**What to work on:** Once the line containing "This bingo card" is found in the entries below, reproduce it and every line after it, stopping at and including the line containing "Oct 14, 2014 |"; reproduce nothing else, and keep each line exact.

**Records shown:**
Content starts

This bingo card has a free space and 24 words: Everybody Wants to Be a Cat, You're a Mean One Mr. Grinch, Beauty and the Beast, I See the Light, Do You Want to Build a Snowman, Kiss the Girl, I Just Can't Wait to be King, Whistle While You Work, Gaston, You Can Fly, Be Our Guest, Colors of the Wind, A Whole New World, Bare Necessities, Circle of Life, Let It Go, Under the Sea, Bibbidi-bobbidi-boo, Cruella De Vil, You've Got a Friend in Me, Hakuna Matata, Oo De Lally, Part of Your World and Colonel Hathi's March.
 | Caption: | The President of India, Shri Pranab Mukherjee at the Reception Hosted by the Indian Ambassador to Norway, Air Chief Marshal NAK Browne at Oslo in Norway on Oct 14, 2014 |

Content ends
Content starts

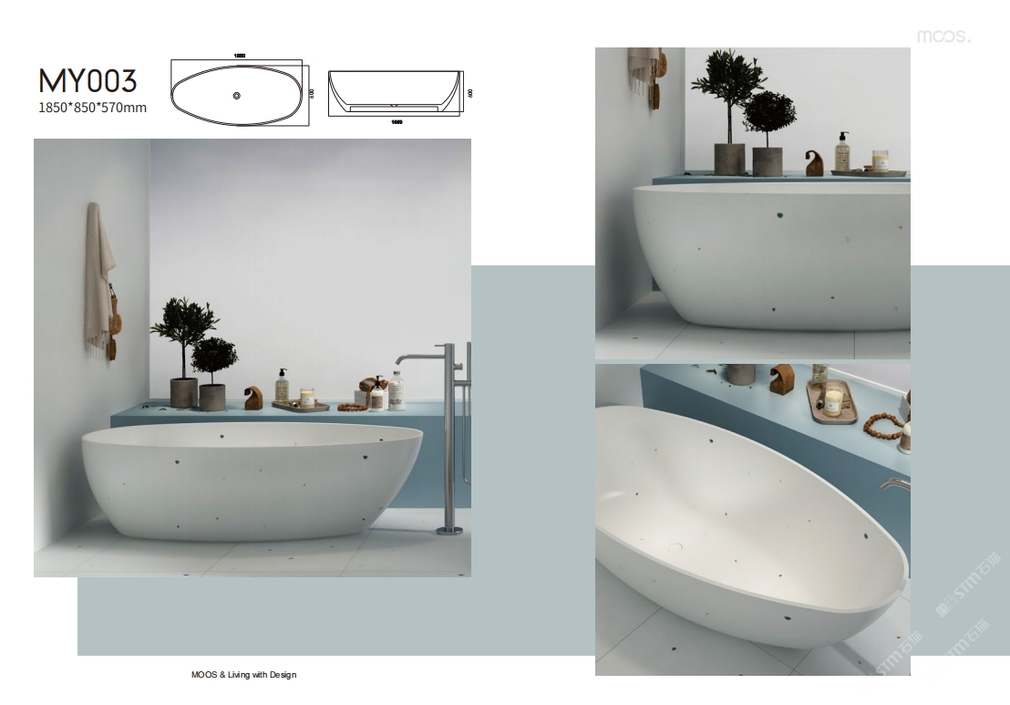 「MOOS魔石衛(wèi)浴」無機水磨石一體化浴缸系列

Content ends
Content starts

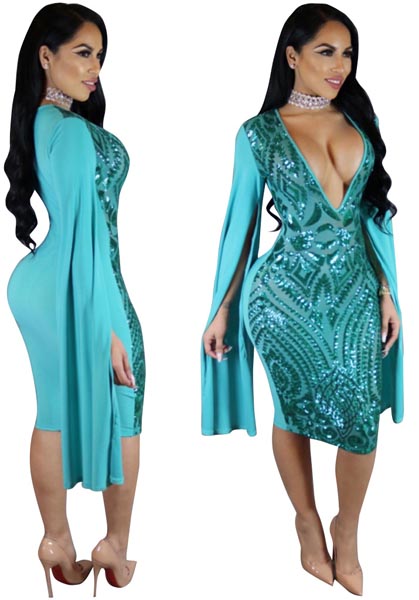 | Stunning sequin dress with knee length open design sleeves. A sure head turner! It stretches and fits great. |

Content ends

**Response below:**
This bingo card has a free space and 24 words: Everybody Wants to Be a Cat, You're a Mean One Mr. Grinch, Beauty and the Beast, I See the Light, Do You Want to Build a Snowman, Kiss the Girl, I Just Can't Wait to be King, Whistle While You Work, Gaston, You Can Fly, Be Our Guest, Colors of the Wind, A Whole New World, Bare Necessities, Circle of Life, Let It Go, Under the Sea, Bibbidi-bobbidi-boo, Cruella De Vil, You've Got a Friend in Me, Hakuna Matata, Oo De Lally, Part of Your World and Colonel Hathi's March.
 | Caption: | The President of India, Shri Pranab Mukherjee at the Reception Hosted by the Indian Ambassador to Norway, Air Chief Marshal NAK Browne at Oslo in Norway on Oct 14, 2014 |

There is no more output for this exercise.